На слове «мой» князь сделал такое логическое ударение, что я в какой-то момент даже почувствовал себя рабом, вещью. Но это чувство улетучилось, а на смену пришло другое: нужно же быстро подготовиться, еще раз перечитать доклад, который я же и готовил для Куракина. Не то, что я стал сильно мандражировать, но… Это же оказаться перед императором! Тот самый шанс, что может и не выпасть раз в жизни.
— А где взять крови, чтобы повязка была похожа на правду? — спросил Куракин.
— Ваша светлость, хотите, я вам дам своей крови? — в шутливой манере сказал я и мы рассмеялись.
Никогда не смейтесь во время расстройства желудка, ни к чему хорошему это не приведет!
Глава 6
Глава 6
Петербург
Зимний дворец
17 января 1796 года. День
Мне не приходилось еще видеть, как опытные собаководы рассматривают щенков борзой. И уж точно я не могу знать, что при этом чувствуют любители собак. Может они рады самому существованию щенков, словно родители этих скулящих созданий, или же, напротив, лишь решают, сколь много можно выручить серебра за каждого щенка. Нет, я не знаю чувств собаководов, но я уже примерно понимаю, что могут чувствовать сами щенки, будь у них чуть больше разума.
Я стоял, идеальной стойкой чиновника пред царствующей особой. Тренировался, сравнивал с иными. И, да, — моя стойка близка к идеальной, породистой. Полна аристократизма, но, вместе с тем, есть тут и толика покорности. Глаза смотрят вперед, чуть выше, головы императора. С Павлом Петровичем это очень простая задача, с его-то росточком, не приходится сильно высоко запрокидывать голову, напрягая шею.
А меня рассматривали, обходили стороной, заглядывали в глаза. Щенок… Да я щенок борзой, меня оценивают, как домашнего питомца. И важно, чтобы я, не теряя чести, в тоже время не превращался из щенка борзой в бо́рзого щенка.
Опыта общения с сильными мира сего у меня предостаточно. Все-таки в будущем я занимал высокое положение и по службе приходилось и видеть власть имущих людей, общаться с ними, а для кого-то и быть тем самым имущим власть человеком. В том мире получалось и держать марку и не раздражать начальство своим разумением.
Но тут иное. Царь, император — это нечто сакральное, ибо он помазанник Божий, что накладывает отпечаток религиозности. Он не чиновник-временщик, он печать государства Российского, когда слово — закон. Посему нужно отринуть все модели поведения из будущего и покориться правилам нынешним.
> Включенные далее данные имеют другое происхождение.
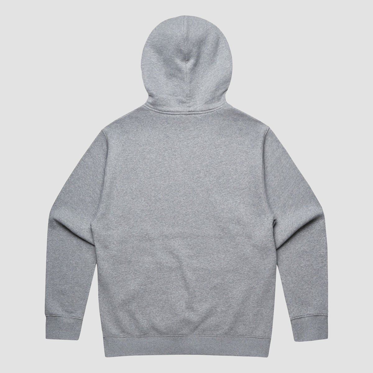 Pullover hood, drawstrings, self-fabric hood lining, 2x2 cuff and hem ribbing
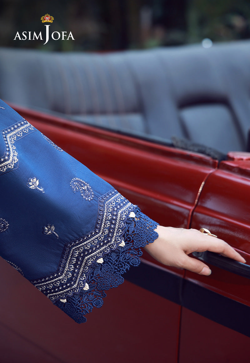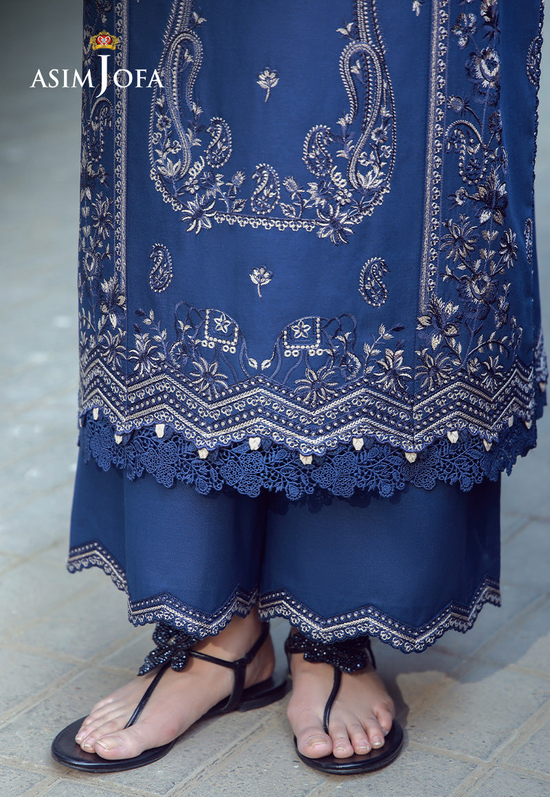 Timeless sophistication illuminated for the festive hour. The navy blue shirt features off-white and navy threadwork in exquisite paisley motifs, creating a dramatic yet polished contrast. Finished with a gorgeously printed chiffon dupatta, this ensemble feels steeped in heritage while remaining impeccably modern for Eid celebrations.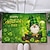 Придверный коврик ко Дню Святого Патрика с изображением гнома, сидящего на золотом горшочке с пивом и клевером, в зеленом праздничном стиле для украшения прихожей.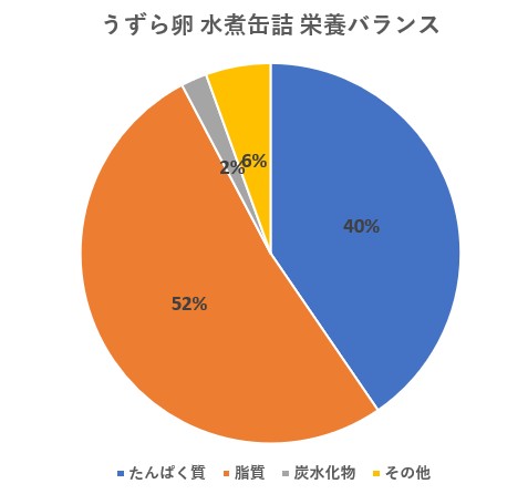 「うずらの卵(水煮缶詰)」の栄養バランスは、タンパク質40%、脂質52%、炭水化物2%で、鶏卵生卵の栄養バランス(タンパク質50%、脂質42%、炭水化物2%)と比べると、脂質が多くタンパク質が少ない結果です。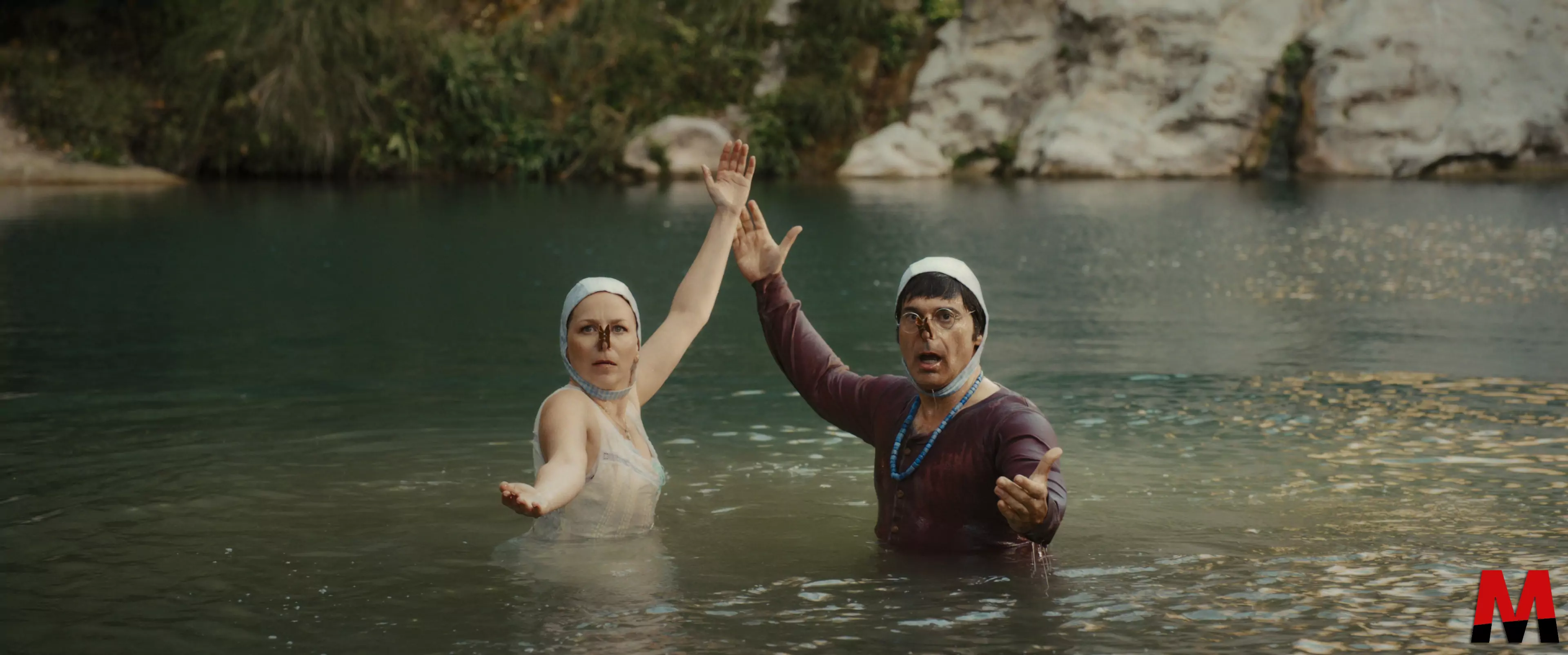 Nun sind wir gesellschaftlich aber mittlerweile seit geraumer Zeit an dem traurigen Punkt angelangt, wo man sich nicht mehr die Frage stellt, wann es eine echte Fortsetzung gibt, sondern ob man die überhaupt noch drehen darf. „Die Comedy-Polizei ist so streng geworden“, dass der Dreh einer Komödie viel schwieriger geworden sei, „weil man das Gefühl hat, dass man sehr schnell Leuten auf die Füße tritt“ – so Herbig dereinst selbst in der Talkshow 3 nach 9. Dementsprechend mussten sich die drei Hauptdarsteller bei der Ideenfindung Mittel und Wege einfallen lassen, der zu erwartenden Moralkeule aus dem wohlstandverwahrlosten Kulturkämpfermilieu effektiv zu begegnen, dem ja mittlerweile schon bei der Nennung des Wortes „Indianer“ nervös die Nasenringe flattern. Das gelingt dem Film dann tatsächlich auch auf eine sehr intelligente und gleichzeitig gut gemachte Passage zum Schluss.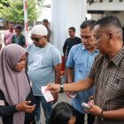 Gubernur Aceh, Muzakir Manaf atau Mualem, membagikan tunjangan hari raya (THR) kepada warga melalui timnya di…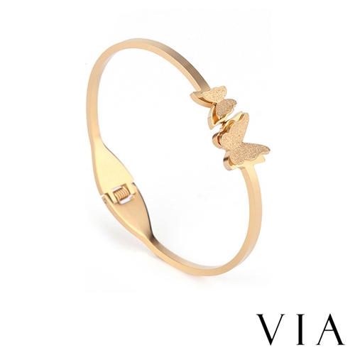 [快速出貨] 磨砂立體雙蝴蝶造型316L鈦鋼手環 手鐲*VIA* |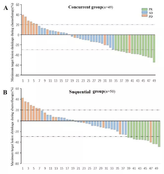 同步化疗组和续贯化疗组的ORR分别为28.6%和22.0%,差异无统计学意义(P=0.45),DCR分别为77.6%和72.0%,差异同样无统计学意义(P=0.53)(图5)。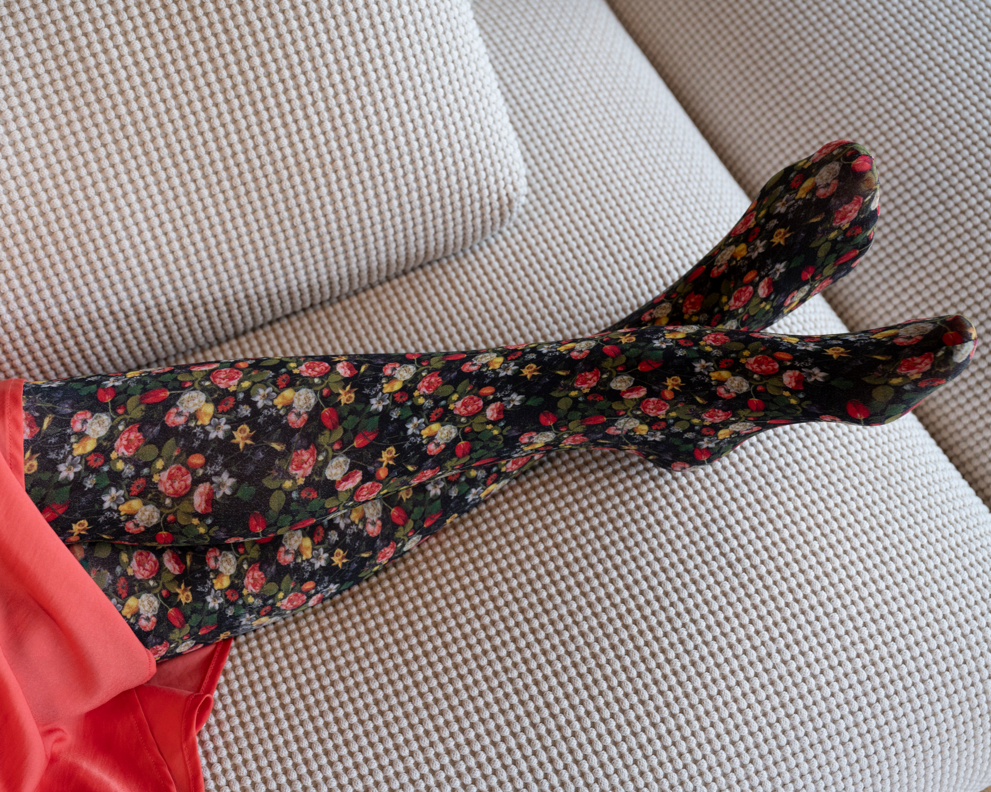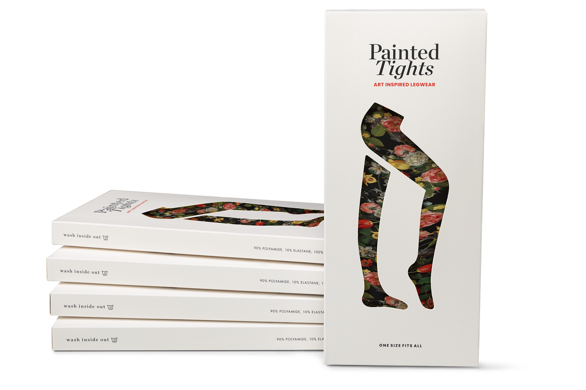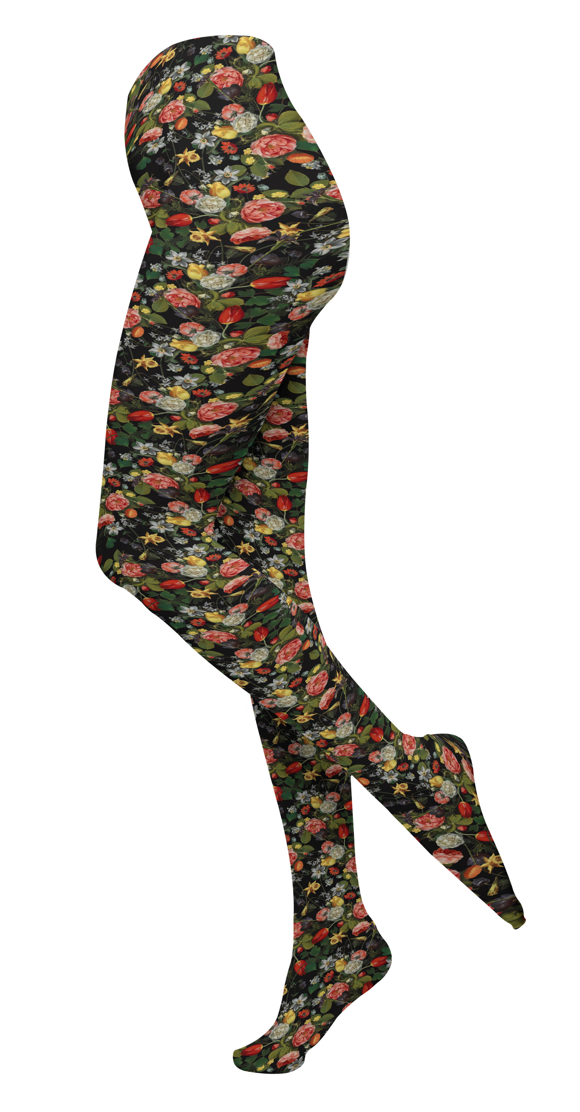 These tights are inspired by a sparkling bouquet featured in a larger still-life painting by Clara Peeters. Born around 1588 in Antwerp, Clara was among the few professional female painters of the 17th century. Her banquet pieces, known for their detail in depicting magnificent flowers alongside food, cups and other attributes, left an influence on painters from the Northern Netherlands.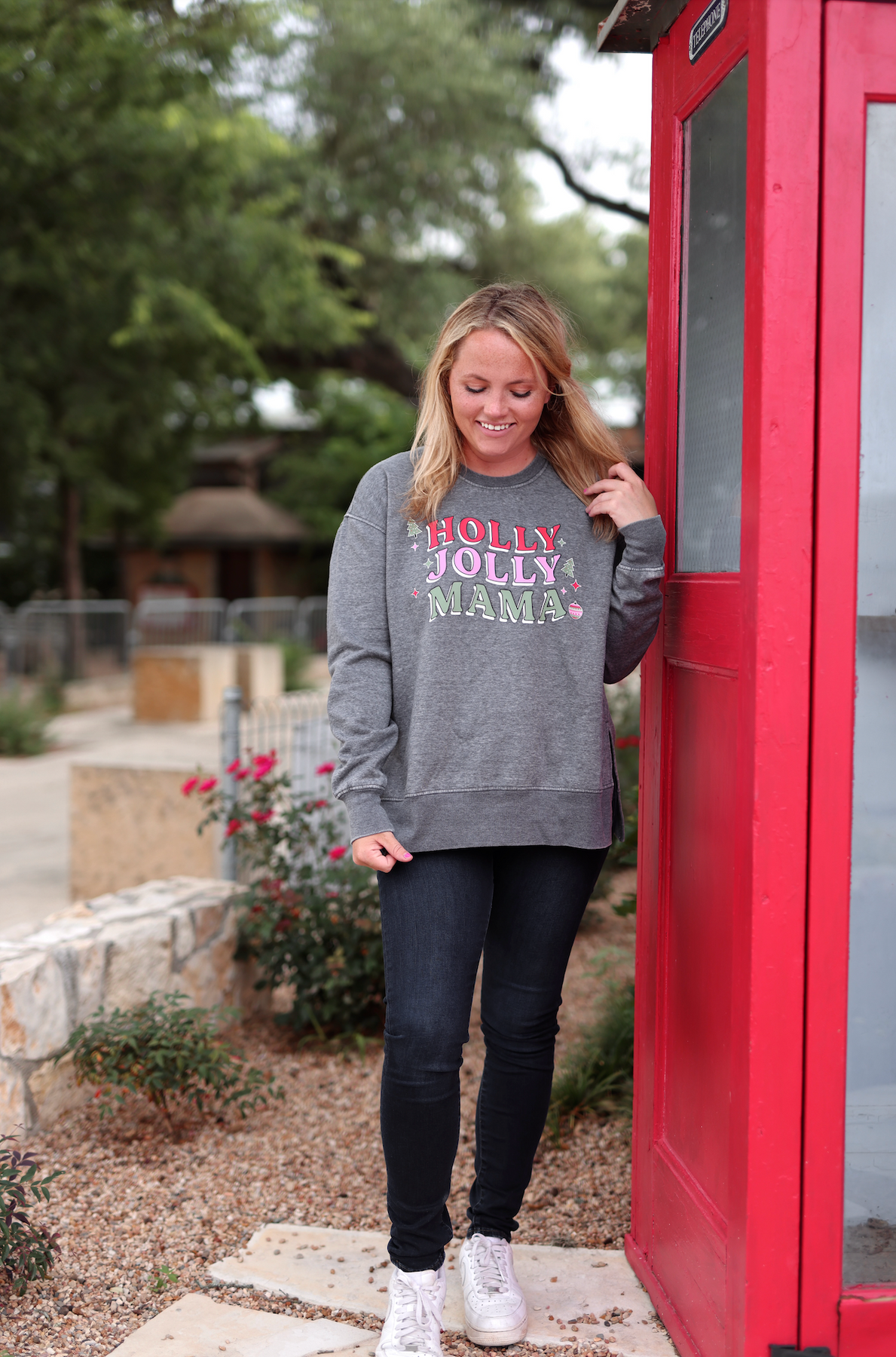 Holly Jolly Mama Burnout Sweatshirt - (Charcoal)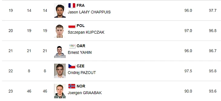 10.55 Яхин на 21-м месте после прыжков со среднего трамплина.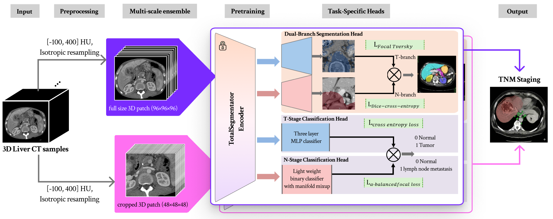 RUPPELL 팀은 간암 환자의 CT/MRI 영상을 기반으로 TNM Staging을 자동 수행하는 모델을 개발합니다. TNM 분류 체계(Tumor-Node-Metastasis)는 암의 진행 단계를 평가하는 국제 표준으로, AI 기반 자동 병기 분류는 영상의학과 전문의의 판독 효율성을 크게 향상시킬 수 있습니다.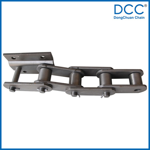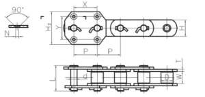 | Chain No. | Pitch P (mm) | Inner width of inner link W (mm) | Diameter of roller D (mm) | Sidebar | Pin | Dimension of attachment | Tensile strength(KN) | |||||

Еще Петр Великий прописал модель поведения перед начальствующей персоной. Я не хотел иметь вид лихой и придурковатый, дабы разумением своим не смущать императора. Думаю, что такое поведение уже не столь актуально. Но некоторая толика истинны в словах Петра Великого, как показало время, присутствует в системе общения подчиненных и начальников во всех реальностях.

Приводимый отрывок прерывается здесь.